A) Shotgun sequences are produced from two different genomes (shown in blue and red at the top). Those sequences are used to construct a de Bruijn graph, where nodes are formed by all possible sequences of length k-1 (in this case 4 bases), which are connected by edges of length k (5 bases). Since there are no 4mers shared between these two example genomes, the resulting de Bruijn subgraphs are separate. B) Nucleotide polymorphisms are better resolved by short kmers. We consider a mixture of four genomes, each with three polymorphic positions separated by 25 bp. The identity at each polymorphic position is represented by either blue or red to indicate different nucleotides. At all other positions the genomes are identical. The de Bruijn graph that is constructed from this mixture of genomes using a kmer of 23 is shown on the left, where three independent bubbles form around each polymorphic position. The equivalent graph at k = 27 is shown on the right, where three independent sets of bubbles overlap, forming a more complex and suboptimal graph structure. C) Short regions of similarity are better resolved by long kmers. We consider a mixture of two genomes which are entirely different except for a 25 bp region of sequence identity (shown in black). The de Bruijn graph that is constructed from this mixture at k = 23 is shown on the left, where the two resulting subgraphs intersect at the 23mer of similarity. The de Bruijn graph at k = 27 is shown on the right, where the two resulting subgraphs (corresponding to the two genomes) do not intersect, since they have no 26mer in common. The examples in B and C together illustrate how different kmers can be optimal for assembling graphs with different types of polymorphisms.
Figure 2
Figure 2. Comparison of assembly methods by read alignment.
The vertical axis indicates the number of reads from each dataset that align to contigs of different size classes (either less than 1 kb, between 1 kb and 3 kb, between 3 and 10 kb, or longer than 10 kb). The horizontal axis separates assembly method. Each dataset is indicated by color (see key on right; numbers indicate gut virome communities from different human subjects). * indicates p<0.05 by Wilcoxon signed-rank test for the indicated pair of assembly methods.
Figure 3
Figure 3. Network based annotation of viral contigs.
Orange circles represent viral contigs no shorter than 3 kb. Black circles represent proteins in the RefSeq viral database. RefSeq proteins are connected to viral contigs when an ORF encoded by that contig resembles that protein at E<10−50 (blastp). Blue outlines indicate groups of RefSeq proteins and ORFs from contigs that share the function indicated by the adjacent label.
Figure 4
Figure 4. Two examples of phage cassettes.
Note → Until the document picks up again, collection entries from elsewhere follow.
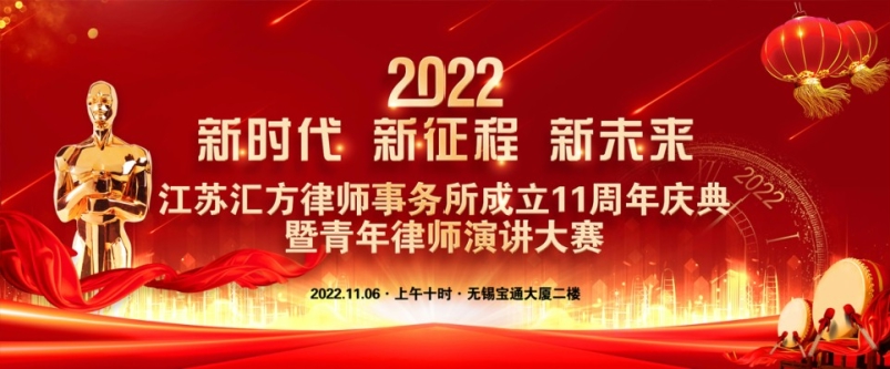 金黄的山脉、紫红的田棉,大地正是丰收的季节!2022年11月6日,新时代、新征程、新未来——江苏汇方律师事务所成立11周年庆典暨青年风采演讲大赛在宝通大厦隆重举行。律所全体律师、行政人员及各界友好人士现场参加了本次活动。
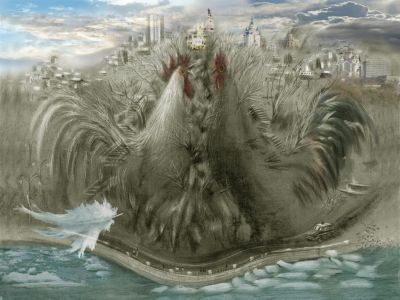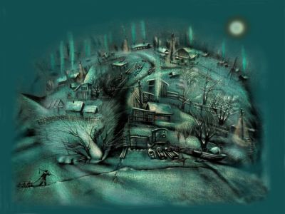 - Да. Зима - картина под названием «Зимняя кошка» - это моя белая Машка, которая жила на даче в Малышево. Вот и получилось два в одном - кошка и деревня. Иллюзорное совмещение. Я сначала фон рисовал дневной, а потом подготовил второй вариант - ночь, все спят, и только дым из труб валит. Мне этот вариант понравился больше. И оставил. Рисунок 2005 года.
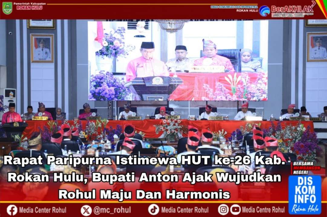 Rapat Paripurna Istimewa HUT ke-26 Kabupaten Rokan Hulu, Bupati Anton Ajak Wujudkan Rohul Maju dan Harmonis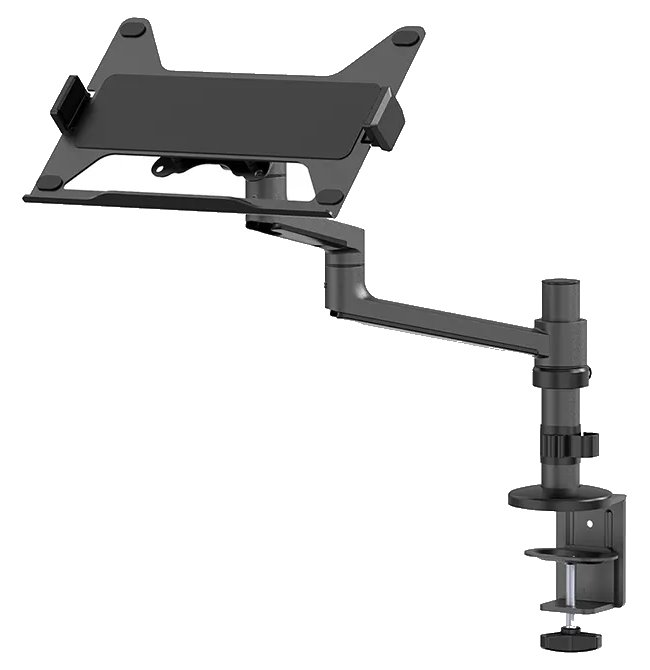 Flexibilní stolní držák pro notebooky s úhlopříčkou 11,6–17,3" a nosností až 5 kg. Držák je manuálně výškově nastavitelný v rozmezí od 24,5 do 38,8 cm. Navíc je i hloubkově nastavitelný v rozmezí od 16,2 do 49,4 cm. Díky krátkému hornímu rameni T-Rex je při umístění v blízkosti stěny nutná pouze minimální hloubka. Potěší také systém pro úhledné vedení kabelů. Balení obsahuje stolní svorku i průchodku.

Contigs are shown as horizontal black lines, ORFs on those contigs are shown by black arrows above and below those lines, and the organization of those ORFs into protein-coding families is shown with colored boxes. The subject that each contig was assembled from is shown on the left of each panel. When a protein-coding family was functionally annotated according to its similarity with the CDD, that annotation is listed in the legend. Otherwise a unique identification number is shown (e. g. Family 591). The co-orientation score describes the proportion of gene pairs that, when occurring together on multiple contigs, do so in the same relative orientation.